Bart Ehrman and the End of Reputable Scholarship

Bart Ehrman is getting a whole lot of press lately (if blogs count as “press”).  Ehrman is a Bible Scholar who has recently written Jesus, Interrupted: Revealing the hidden contradictions in the Bible, where he points out various errors and inconsistencies in the Gospel accounts.  Or, says he does, anyway.  So far, all he’s done is get a bunch of atheists – and others who are either ignorant or just looking for a reason not to believe in God – excited.  Although these folks claim to be wise, they reveal something else entirely (see Romans 1:22), which again leads me to believe that for most atheists, atheism is a moral choice, rather than intellectual.

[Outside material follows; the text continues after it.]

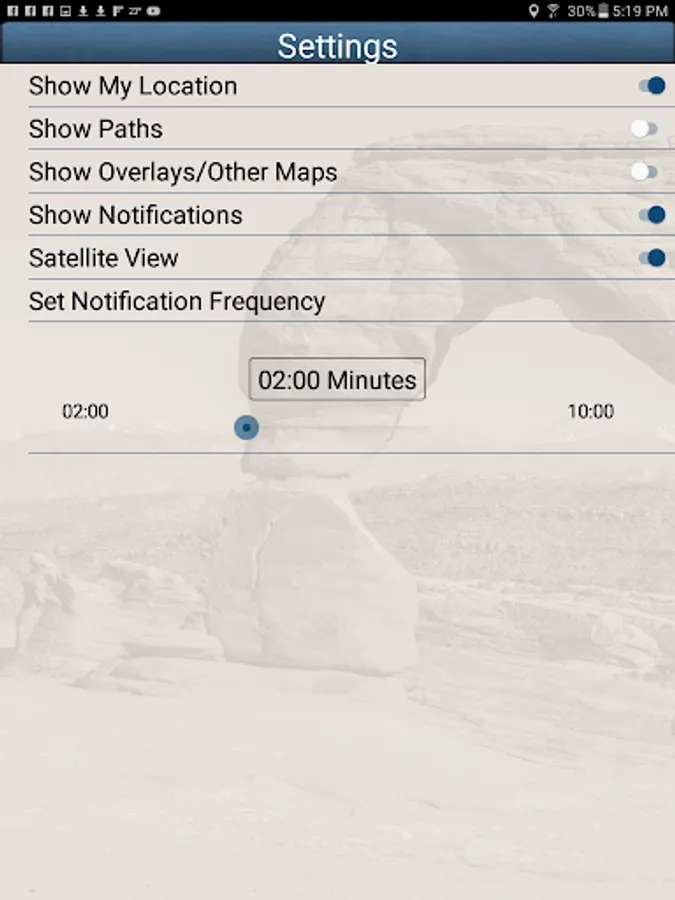 Content & Features Accessible Offline: Notifications with audio "teasers", map icons, trail paths, text descriptions, images, topo and other map overlays, polygons, and user location services.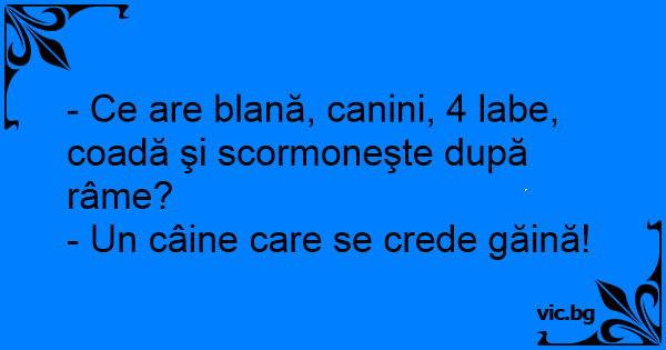 - Ce are blană, canini, 4 labe, coadă şi scormoneşte după râme?

Even a marginal study shows that the New Testament documents are quite remarkable,  and not the error-filled and questionable documents people like Ehrman claim they are.  Much of the problem, it seems, is applying modern criteria to ancient documents and cultures. (This might actually be good, considering how inaccurate the modern news generally is.  I have learned over the years not to trust anything I read or hear 100%; every single news story I’ve read involving situations of which I have first-hand knowledge, has been incredibly inaccurate.  I can only assume, then, the the stories I no nothing about are just as inaccurate.)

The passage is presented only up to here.